**WORK TO BE COMPLETED:** Extract from the entries below, exactly as given, only the lines from the line containing "Tetování portrét z" to the line containing "UMAP visualization of", both lines included.

******************************

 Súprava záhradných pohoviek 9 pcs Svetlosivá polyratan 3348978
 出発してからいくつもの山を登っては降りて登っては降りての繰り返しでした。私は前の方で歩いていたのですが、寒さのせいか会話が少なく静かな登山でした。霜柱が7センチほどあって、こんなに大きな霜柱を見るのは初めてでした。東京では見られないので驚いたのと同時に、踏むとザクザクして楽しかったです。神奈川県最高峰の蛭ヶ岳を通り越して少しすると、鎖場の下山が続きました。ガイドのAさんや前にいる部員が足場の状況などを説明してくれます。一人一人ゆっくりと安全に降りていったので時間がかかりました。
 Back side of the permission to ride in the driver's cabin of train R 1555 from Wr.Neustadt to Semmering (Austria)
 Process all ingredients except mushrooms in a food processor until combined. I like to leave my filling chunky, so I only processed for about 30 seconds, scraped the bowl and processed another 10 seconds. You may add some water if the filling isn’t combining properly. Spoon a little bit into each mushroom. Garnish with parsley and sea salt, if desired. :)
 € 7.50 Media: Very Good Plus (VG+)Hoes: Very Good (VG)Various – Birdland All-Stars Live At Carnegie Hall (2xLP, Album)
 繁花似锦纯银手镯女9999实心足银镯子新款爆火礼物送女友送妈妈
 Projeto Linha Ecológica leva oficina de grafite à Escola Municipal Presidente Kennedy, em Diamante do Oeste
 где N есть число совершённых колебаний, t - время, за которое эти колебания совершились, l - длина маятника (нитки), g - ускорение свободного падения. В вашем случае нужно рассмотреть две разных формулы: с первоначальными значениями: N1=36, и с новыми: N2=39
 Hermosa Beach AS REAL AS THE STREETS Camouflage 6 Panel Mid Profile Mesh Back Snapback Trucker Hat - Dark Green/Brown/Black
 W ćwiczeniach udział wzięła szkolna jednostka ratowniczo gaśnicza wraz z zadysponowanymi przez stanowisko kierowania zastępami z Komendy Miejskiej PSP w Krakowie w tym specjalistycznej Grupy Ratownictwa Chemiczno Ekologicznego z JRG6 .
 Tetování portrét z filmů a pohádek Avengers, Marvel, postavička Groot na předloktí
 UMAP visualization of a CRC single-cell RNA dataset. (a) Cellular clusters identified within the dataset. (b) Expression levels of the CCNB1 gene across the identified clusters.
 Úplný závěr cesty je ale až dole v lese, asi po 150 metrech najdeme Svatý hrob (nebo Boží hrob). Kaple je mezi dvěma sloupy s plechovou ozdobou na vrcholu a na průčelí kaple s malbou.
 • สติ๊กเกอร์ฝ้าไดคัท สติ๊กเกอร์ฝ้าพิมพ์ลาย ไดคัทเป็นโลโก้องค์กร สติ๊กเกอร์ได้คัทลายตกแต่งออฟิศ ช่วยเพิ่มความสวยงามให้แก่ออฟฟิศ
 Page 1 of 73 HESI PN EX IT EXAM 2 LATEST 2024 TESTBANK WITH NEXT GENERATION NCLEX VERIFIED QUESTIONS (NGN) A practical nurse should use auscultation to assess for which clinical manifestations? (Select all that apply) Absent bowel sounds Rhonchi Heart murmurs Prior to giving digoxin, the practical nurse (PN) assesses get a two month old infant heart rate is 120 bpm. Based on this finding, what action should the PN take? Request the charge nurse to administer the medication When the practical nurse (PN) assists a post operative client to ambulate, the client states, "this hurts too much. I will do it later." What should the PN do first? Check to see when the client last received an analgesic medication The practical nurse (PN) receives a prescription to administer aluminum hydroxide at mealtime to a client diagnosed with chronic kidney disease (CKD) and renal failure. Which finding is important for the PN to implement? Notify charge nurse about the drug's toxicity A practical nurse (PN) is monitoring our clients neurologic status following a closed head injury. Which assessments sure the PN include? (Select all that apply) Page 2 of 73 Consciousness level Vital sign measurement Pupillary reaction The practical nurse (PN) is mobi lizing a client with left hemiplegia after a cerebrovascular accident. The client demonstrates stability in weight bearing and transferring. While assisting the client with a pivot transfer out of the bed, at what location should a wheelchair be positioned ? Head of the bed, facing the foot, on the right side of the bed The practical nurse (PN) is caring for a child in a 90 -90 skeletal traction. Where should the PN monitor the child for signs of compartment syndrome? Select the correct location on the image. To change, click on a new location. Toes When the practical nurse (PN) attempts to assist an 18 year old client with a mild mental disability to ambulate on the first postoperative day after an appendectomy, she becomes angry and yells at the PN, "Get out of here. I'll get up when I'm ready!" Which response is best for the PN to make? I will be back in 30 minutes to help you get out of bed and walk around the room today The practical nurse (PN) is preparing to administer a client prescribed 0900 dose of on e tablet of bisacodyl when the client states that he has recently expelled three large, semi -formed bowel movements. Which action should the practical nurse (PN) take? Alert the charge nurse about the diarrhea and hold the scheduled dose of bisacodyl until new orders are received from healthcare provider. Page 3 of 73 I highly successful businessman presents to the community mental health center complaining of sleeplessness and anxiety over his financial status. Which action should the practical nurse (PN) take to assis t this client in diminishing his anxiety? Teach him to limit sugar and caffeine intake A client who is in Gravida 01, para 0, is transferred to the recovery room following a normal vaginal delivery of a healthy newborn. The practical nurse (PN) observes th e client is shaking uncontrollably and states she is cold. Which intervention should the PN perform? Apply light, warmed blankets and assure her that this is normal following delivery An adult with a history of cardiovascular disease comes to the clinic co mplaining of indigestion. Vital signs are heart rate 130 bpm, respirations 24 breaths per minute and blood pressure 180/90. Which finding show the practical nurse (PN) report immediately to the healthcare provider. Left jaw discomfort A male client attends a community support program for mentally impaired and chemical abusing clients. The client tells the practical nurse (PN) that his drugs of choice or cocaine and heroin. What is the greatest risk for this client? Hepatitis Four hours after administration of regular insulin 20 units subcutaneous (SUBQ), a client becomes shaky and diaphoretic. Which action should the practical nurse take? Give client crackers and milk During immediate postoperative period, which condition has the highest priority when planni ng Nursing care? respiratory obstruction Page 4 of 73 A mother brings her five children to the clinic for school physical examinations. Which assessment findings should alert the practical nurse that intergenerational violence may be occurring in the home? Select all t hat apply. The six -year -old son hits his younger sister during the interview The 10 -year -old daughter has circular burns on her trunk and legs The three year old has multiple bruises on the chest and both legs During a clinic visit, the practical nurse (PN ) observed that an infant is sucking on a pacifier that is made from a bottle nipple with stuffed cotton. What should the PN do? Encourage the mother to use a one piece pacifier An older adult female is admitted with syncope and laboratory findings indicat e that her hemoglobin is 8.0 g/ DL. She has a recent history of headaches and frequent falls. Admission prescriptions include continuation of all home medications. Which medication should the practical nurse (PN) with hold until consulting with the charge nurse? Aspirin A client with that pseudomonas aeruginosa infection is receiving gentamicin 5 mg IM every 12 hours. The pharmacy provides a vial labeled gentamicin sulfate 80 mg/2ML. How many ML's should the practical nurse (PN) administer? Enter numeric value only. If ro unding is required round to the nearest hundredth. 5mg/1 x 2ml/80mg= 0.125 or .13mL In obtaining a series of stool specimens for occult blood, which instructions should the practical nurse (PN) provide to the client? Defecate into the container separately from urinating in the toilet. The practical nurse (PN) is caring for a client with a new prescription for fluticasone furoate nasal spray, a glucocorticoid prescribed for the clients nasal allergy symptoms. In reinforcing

******************************

**SOLUTION:**
 Tetování portrét z filmů a pohádek Avengers, Marvel, postavička Groot na předloktí
 UMAP visualization of a CRC single-cell RNA dataset. (a) Cellular clusters identified within the dataset. (b) Expression levels of the CCNB1 gene across the identified clusters.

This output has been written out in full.